"I can no more disown [Rev. Dr. Wright] than I can disown the black
community. I can no more disown him than I can my white grandmother – a woman who helped raise me, a woman who sacrificed again and again for me, a woman who loves me as much as she loves anything in this world, but a woman who once confessed her fear of black men who passed by her on the street, and who on more than one occasion has uttered racial or ethnic stereotypes that made me cringe."
The anecdote about his grandmother can be found on pages 88 and 89 of Obama's autobiography (Dreams of My Father) and it consists of this: one day when Obama was about 16, his grandmother, who was the main income earner for his family, and who rode the bus to her job at a bank, complained to her husband that she was being harassed by a bum at the bus stop. Obama's grandfather, an Old School lefty, chastised his wife for her presumed racial prejudice (since the bum was black) and refused to drive her to her job.
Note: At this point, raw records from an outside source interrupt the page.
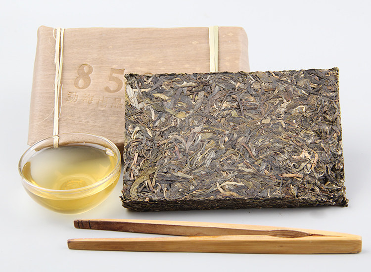 Raw materials used in Yunnan Menghai large leaf drying green tea, the strip more compact, uniform thickness, both positive and negative, inside and outside, are a material, color dark green shiny. Soup color golden, smooth taste, and full of three-dimensional taste, smooth tea slippery.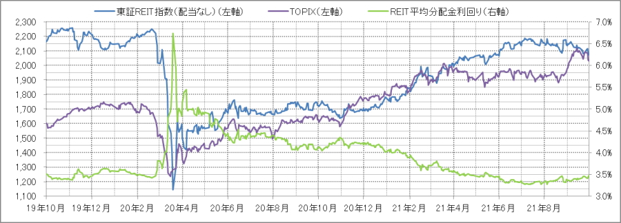 <東証REIT指数と予想分配金利回りの推移> (グラフは2019年10月~2021年9月の24ヶ月間)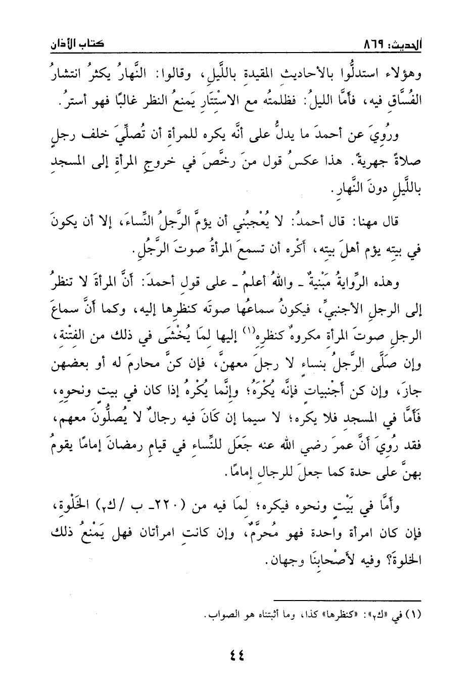وهذه الروايه مبينة –والله أعلم - على قول أحمد: إن المرة لا تنظر إلى الرجل الأجنبي، فيكون سماعها صوته كنظرها إليه، كما أن سماع الرجل صوت المرأة مكروهٌ كنظره إليها؛ لما يخشى في ذلك من الفتنة.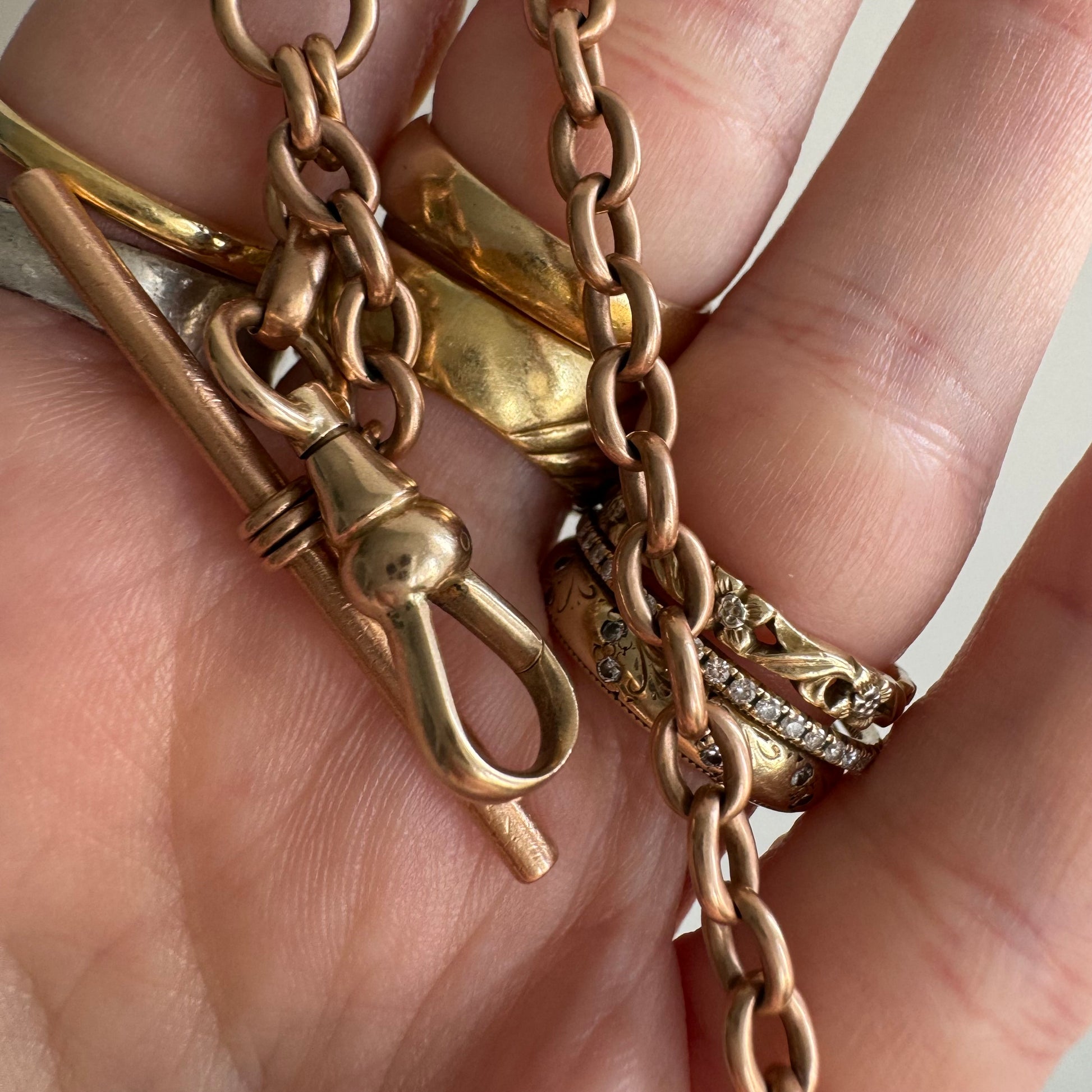 it's a truly old 14k watch chain from the US — a rare find, indeed. And, it comes with its original t-bar.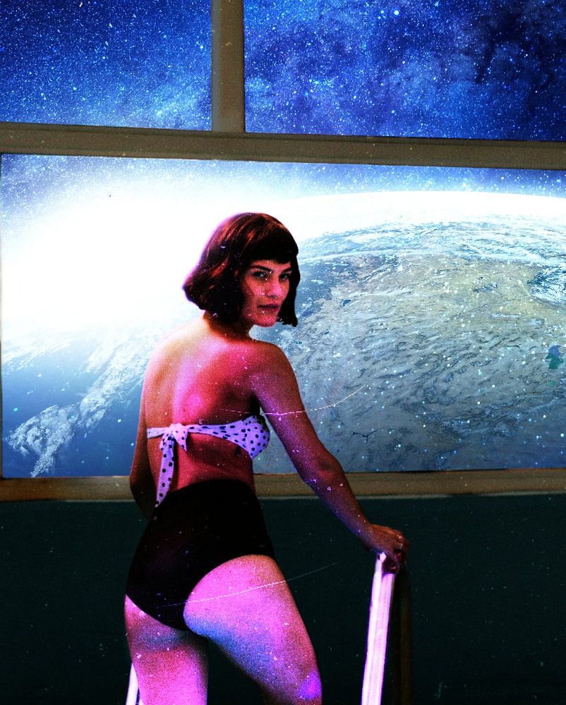 Eine Fotomontage aus einer Frau die aus einem Pool steigt und der Erde im Hintergrund.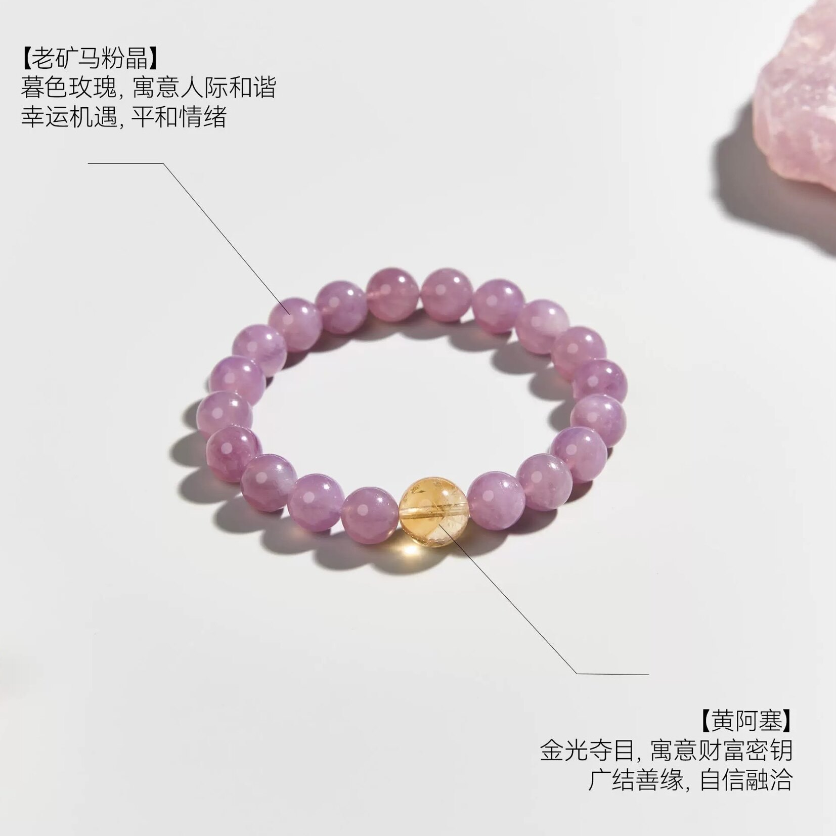 【招财进宝】原创天然玉化老矿紫马粉水晶黄水晶手串女情侣礼物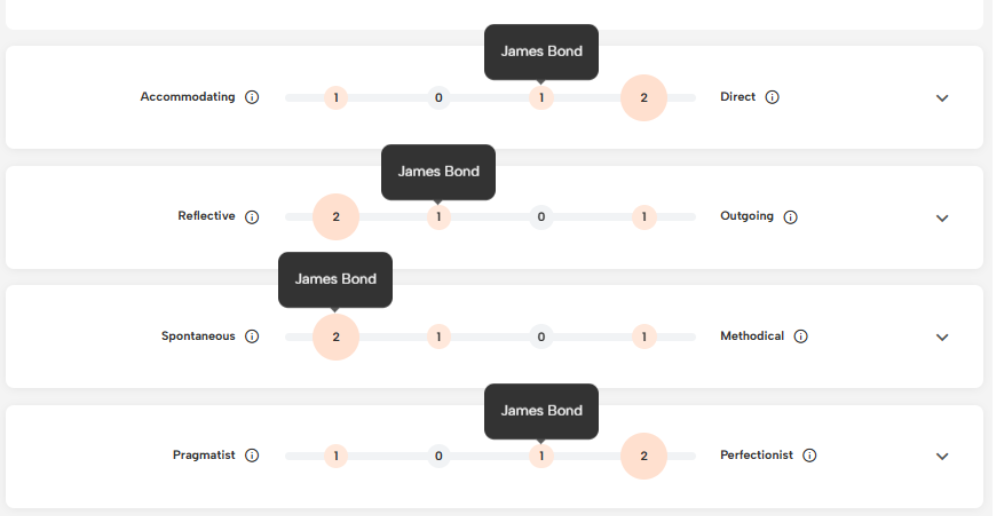 To learn more about the similarities between team member profiles, select the drop-down arrow on the right-hand side of each scale to uncover where each team member’s results are in relation to the team profile. Hover over a team member’s name in the ‘Team members’ section to see where exactly their preferences are within the overall team profile. The names of team members with similar profiles are grouped together for each factor.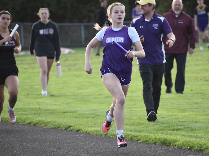 A win in the 1600 relay by the foursome of Hannah Olles, Brianna Lewis, Mia Standish and Aubrey Bruning locked up the win for the Albion girls squad which is now 2-1.

Judge for yourself whether that story qualifies as cringe-making racial or ethnic stereotyping. Or whether it doesn't really tell you more about his lazy and judgmental grandfather than it does about his grandmother.
Personally, I don't know any black man who would diss his mother or grandmother as Obama has done in his books and speeches. That simply is not typical behavior of an American black man. It is, however, typical behavior of privileged white yuppies, a social description that is a much better fit to Obama's cultural background of prep schools, Columbia University, and Harvard Law School.